A bit of gardening, a bit of memories, and a bit of life. I started an on-line garden journal for myself, but I hope it also gives something to others who read it. Thank you for all your kind encouragement.
Friday, October 21, 2011
Season's End
With the days now shorter than our nights, we are still trying to stretch out the time with our yard lights to get our gardens to bed for the winter. I was out in my own yard working and could hear the swish of the rake next door. Gardeners do not give up easily.

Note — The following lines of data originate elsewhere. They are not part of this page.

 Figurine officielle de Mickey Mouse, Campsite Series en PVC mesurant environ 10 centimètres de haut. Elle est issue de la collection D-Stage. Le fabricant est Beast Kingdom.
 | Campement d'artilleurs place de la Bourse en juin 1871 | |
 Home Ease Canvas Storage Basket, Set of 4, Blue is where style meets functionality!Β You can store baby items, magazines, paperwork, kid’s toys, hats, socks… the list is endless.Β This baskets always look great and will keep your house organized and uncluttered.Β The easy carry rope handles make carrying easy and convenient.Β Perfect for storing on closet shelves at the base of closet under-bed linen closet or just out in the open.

I picked my tomato plants clean before the cold rains of autumn came this past week. I lay them in garden flats lined on the bottom with newspaper and the green ones will get a layer on top as well to help them ripen indoors. These were brought in about a week before the picture was taken and there were only some blush colored tomatoes at that time. You can see that they will continue to ripen indoors. That is how you get your tomatoes at the market. They are not red, ripe beauties before they are shipped. The newspaper helps protect the fruit from bruising and adding a sheet on top helps keep the ethylene gas around the fruit to help them ripen. I can now can, freeze, eat, or share from my basement stores.
I finished moving in the plants I plan on overwintering indoors and made the last of the cuttings off the plants that I will let freeze in the ground. The time has come to bring in the canna tubers, begonia bulbs, and all other corms that you have to keep indoors until next spring. My neighbor who was out raking, will pull out her geraniums and put them right into brown paper bags until repotting them next spring. If you do bring plants indoors, remember to keep them isolated for at least a week to keep the rest of the indoor plants pest free.

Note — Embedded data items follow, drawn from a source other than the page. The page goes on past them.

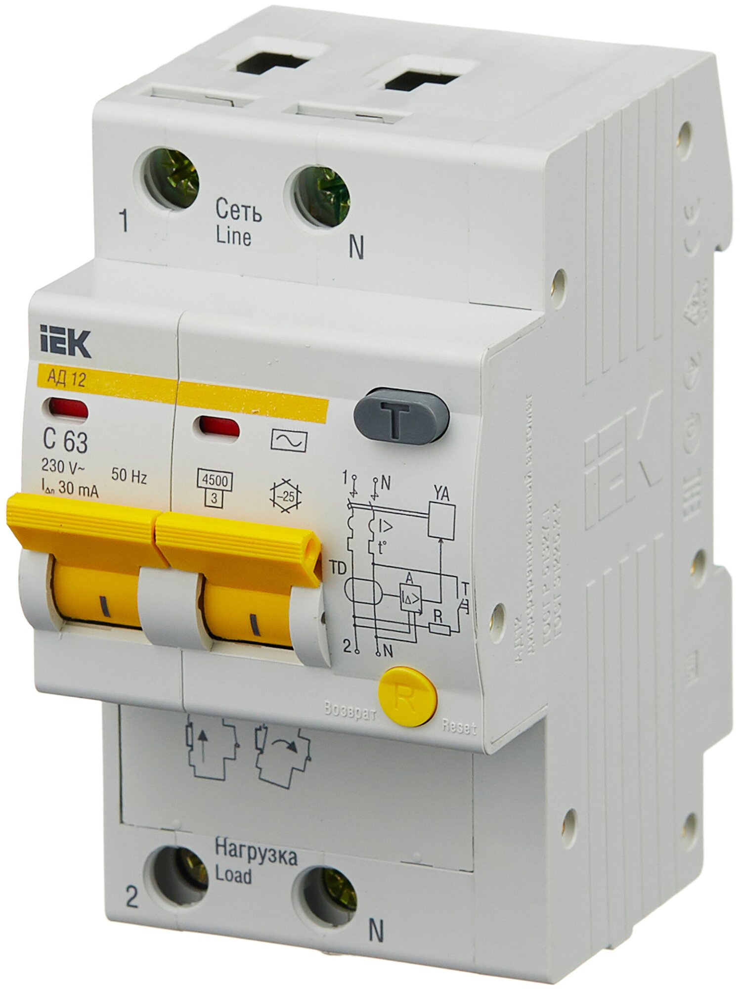 Дифференциальный автоматический выключатель АД12 2Р 63А 30мА IEK
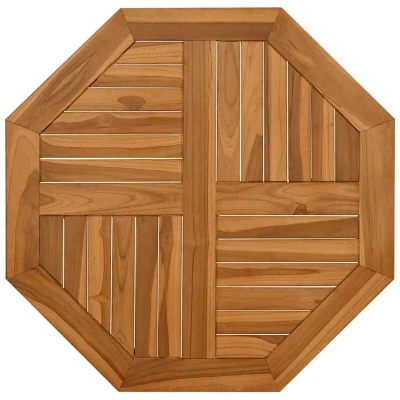 General description Give a new life to your garden table with this wooden table top. It is an excellent solution for freshening up your table. Made from solid teak wood, this table top is a beautiful natural material known for its exceptional strength and weather resistance. The smooth surface has been seasoned, kiln dried, and fine sanded for a refined appearance. Technical specifications Material: Solid teak wood with water-based finish Dimensions: 70 x 70 x 2.5 cm (L x W x T) Shape: Octagonal SKU: 366665 Compatibility and accessories Can be combined with different bases according to your needs Includes a parasol hole for easy attachment of a parasol Usage The smooth tabletop is easy to clean with a damp cloth, making it practical for outdoor dining. Its rustic design adds charm to your dining areas. Other information Each item is unique with variations in colors and grains, ensuring exclusivity and individuality.
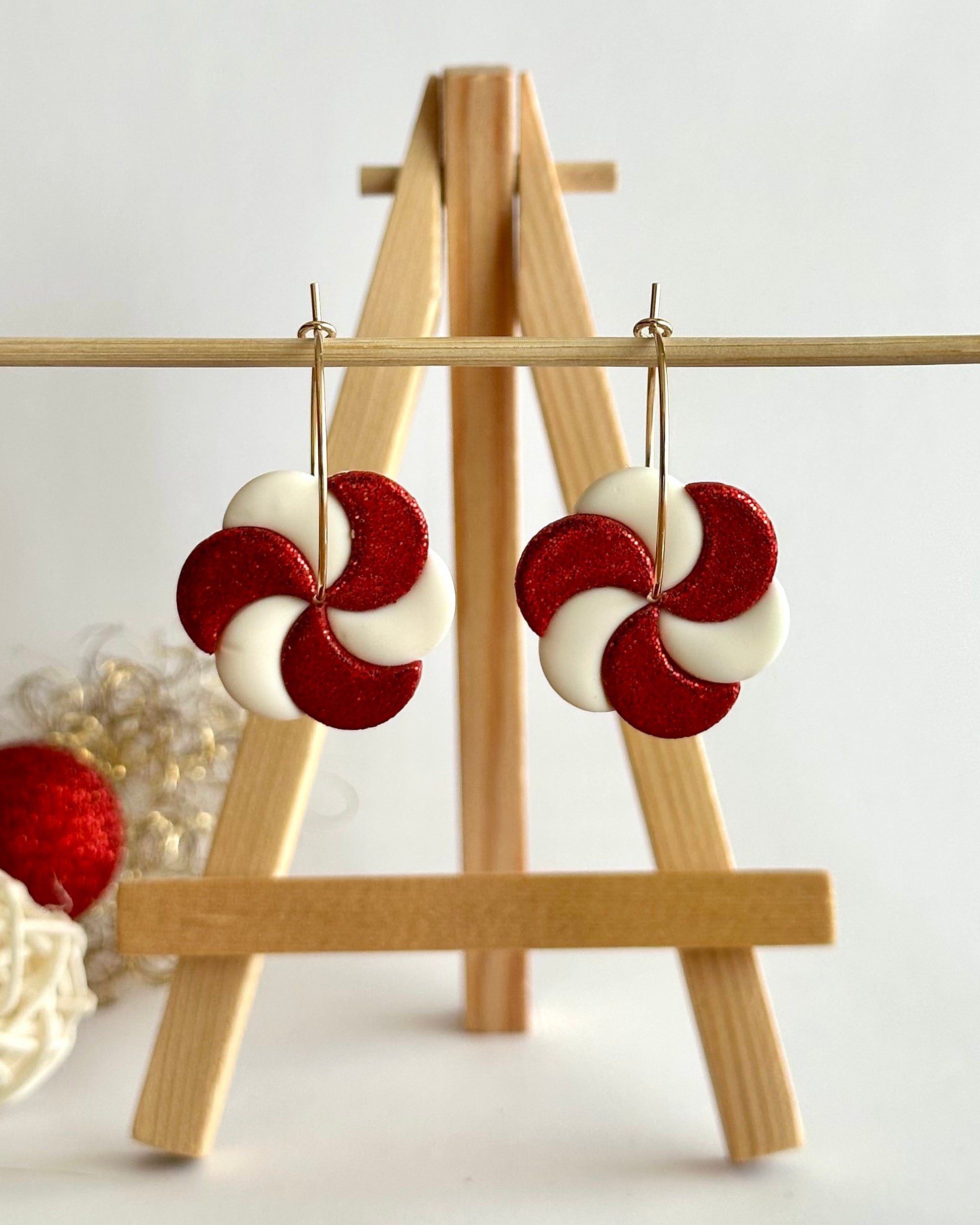 Diese weihnachtlichen Creolen mit Anhänger wirken am Ohr sehr verspielt. Die dünne Creole hat einen Durchmesser von 2.5 cm und trägt einen rot-weiss glitzernden Bonbonanhänger, der sich sehr schön dreht und einen tollen Effekt erzielt.
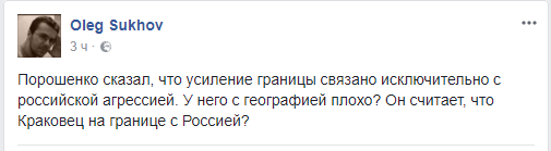 Журналист Олег Сухов в преддверии эпического возвращения экс-губернатора Одесской области Михаила Саакашвили в Украину через пункт пропуска Краковец на границе с Польшей акцентировал внимание на другом. "Порошенко сказал, что усиление границы связано исключительно с российской агрессией. У него с географией плохо? Он считает, что Краковец на границе с Россией?".
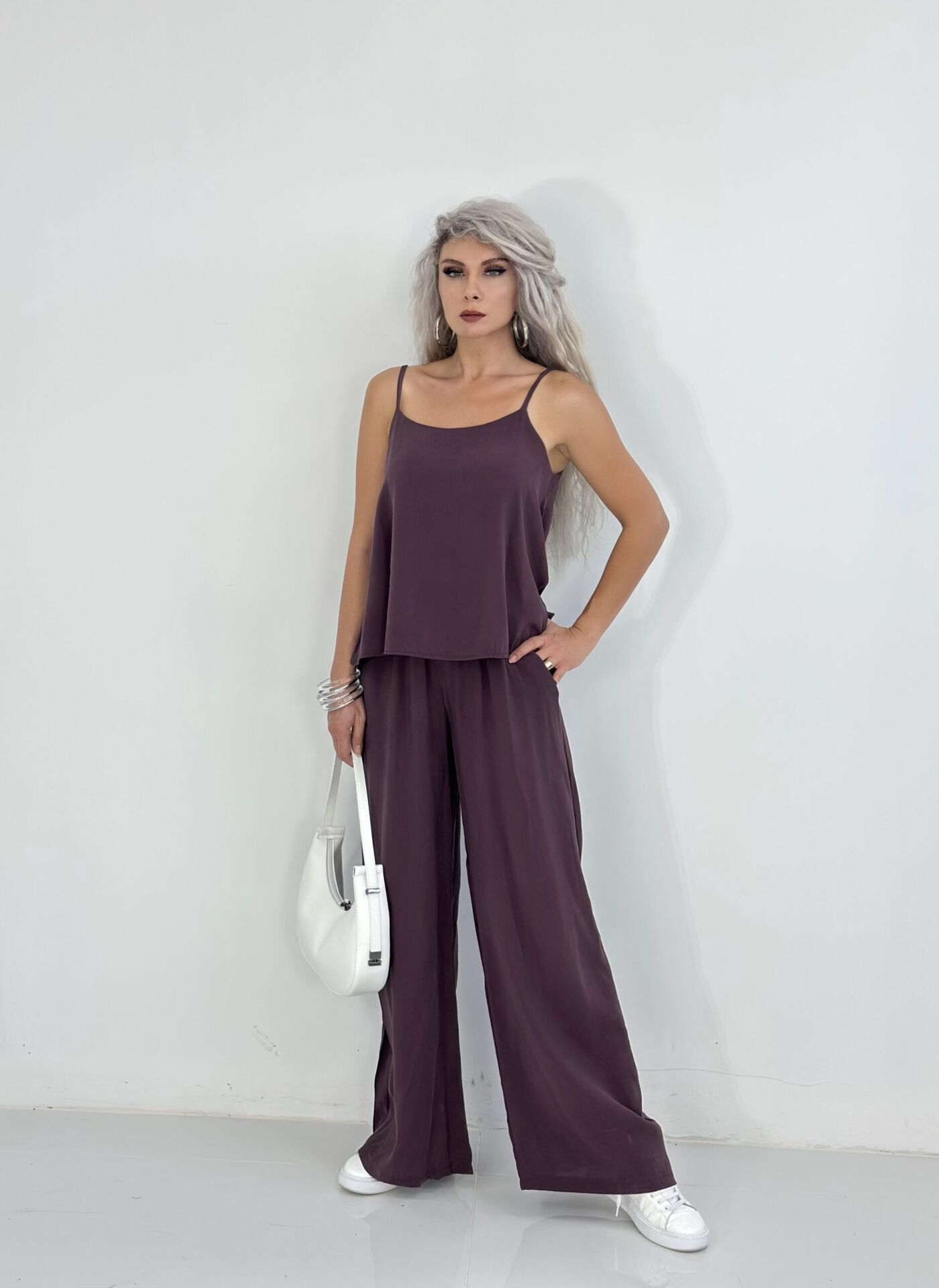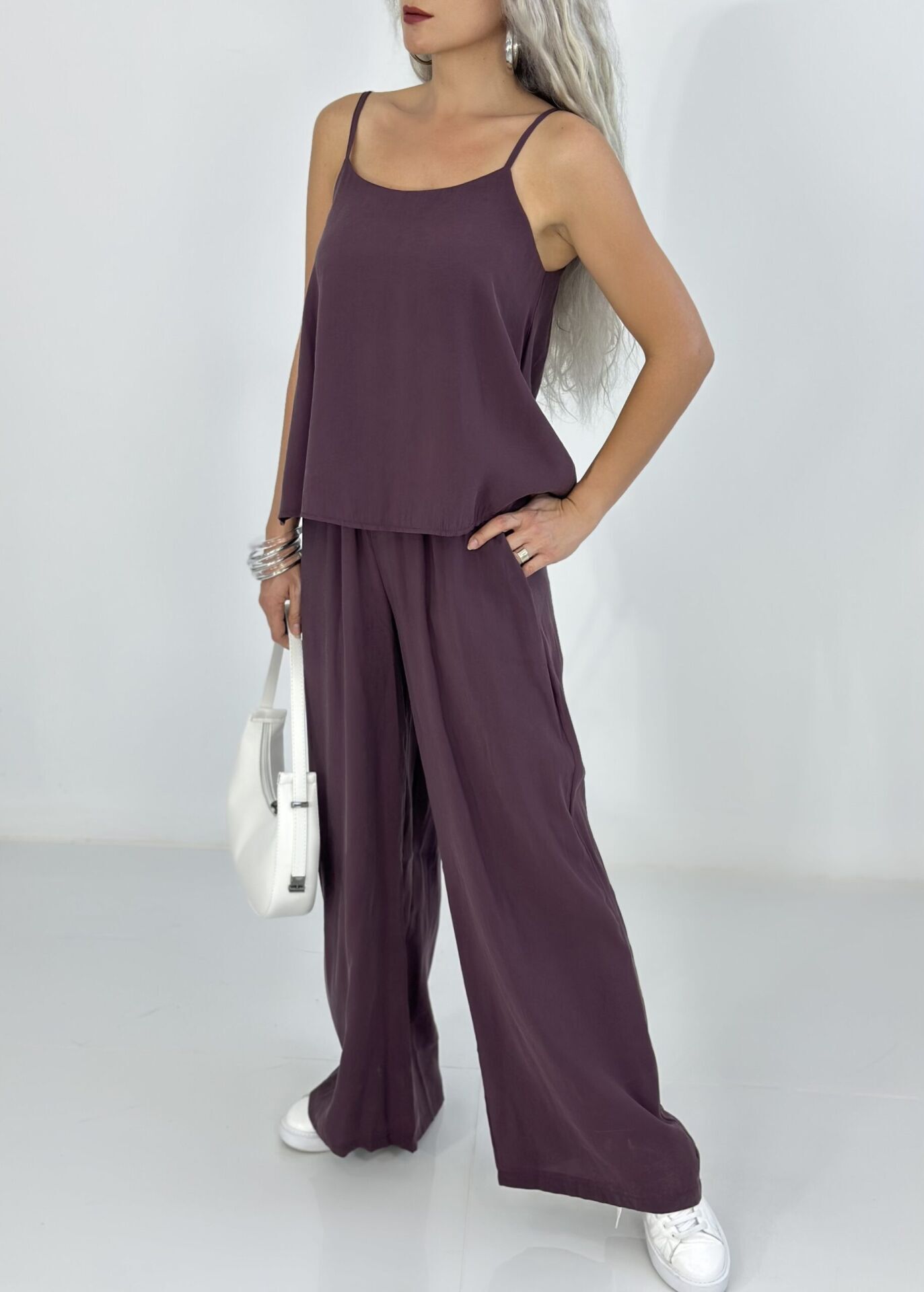 Mürdüm Askılı Bluz Pantolon Takım SMALL

I also enjoy the last of the cut flowers from my garden by bringing in the best blooms in vases. I love the combination of unusual flowers that brighten a corner of the room during our dark nights.
There are those hardier plants, such as flowering kale and mums which we can enjoy a little longer. I grew this kale from seed from Pine Tree Gardens this year. I kept it in pots so I could move it into the garden this fall, but couldn't figure out what I was doing wrong because it looked nothing like the flowering kale I am used to seeing. It wasn't until I was looking at a friend's Facebook pictures of her vacation and saw kale in a farm market that looked similar that I remembered my kale is a cut-flower variety that looks similar to a rose. I immediately went out and dumped my drooping caladium out of its urn (and took inside for winter storage). I layered all the potted kale into the urn until all 18 plants made a living bouquet for my front entry. I expect it to last for a good long while into the cold.
After trudging around in the cold and rain to do your last minute gardening, take a hot bath, and curl up with a hot drink and a good book...about gardening, of course!